Am 04.09.2018 um 09:54 schrieb Andreas Schulze:
Hello,
unsure it that topic may better discussed on postfix-users....
I'm messages for *@sushi-circle.de in my outbound deferred queue. Sep 2 11:15:38 idvmailout02 postfix/smtp[73811]: 422V1C0rjyzNkGv: to=***@sushi-circle.de, relay=none, delay=88795, delays=88794/0.24/0.61/0, dsn=4.7.5, status=deferred (TLSA lookup error for login.enterprise-email.com:25) Sep 2 11:15:38 idvmailout02 postfix/smtp[73811]: warning: TLS policy lookup for sushi-circle.de/login.enterprise-email.com: TLSA lookup error for login.enterprise-email.com:25 Sep 2 11:15:38 idvmailout02 postfix/smtp[73811]: warning: DANE TLSA lookup problem: Host or domain name not found. Name service error for name=_25._tcp.login.enterprise-email.com type=TLSA: Host not found, try again Sep 2 11:15:37 idvmailout02 postfix/smtp[73811]: warning: DANE TLSA lookup problem: Host or domain name not found.
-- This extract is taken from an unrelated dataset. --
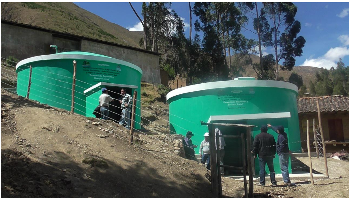
PROYECTO “MEJORAMIENTO DEL SISTEMA DE AGUA POTABLE DE LOS BARRIOS GLORIAPAMPA Y BELLO HORIZONTE, LA PLAZA Y VIRGEN DE LOURDES Y FLOR DEL VALLE BAJO”

Name service error for name=_25._tcp.login.enterprise-email.com type=TLSA: Host not found, try again
I wonder, why postfix try to lookup TLSA Records for the MX at all. The destination domain sushi-circle.de is unsigned and so any TLSA for the MX don't matter. Is there any switch to influence that behavior?
mail_version = 3.2.5
Update: the very responsive people @iptox.net fixed that. No issue anymore. Thanks!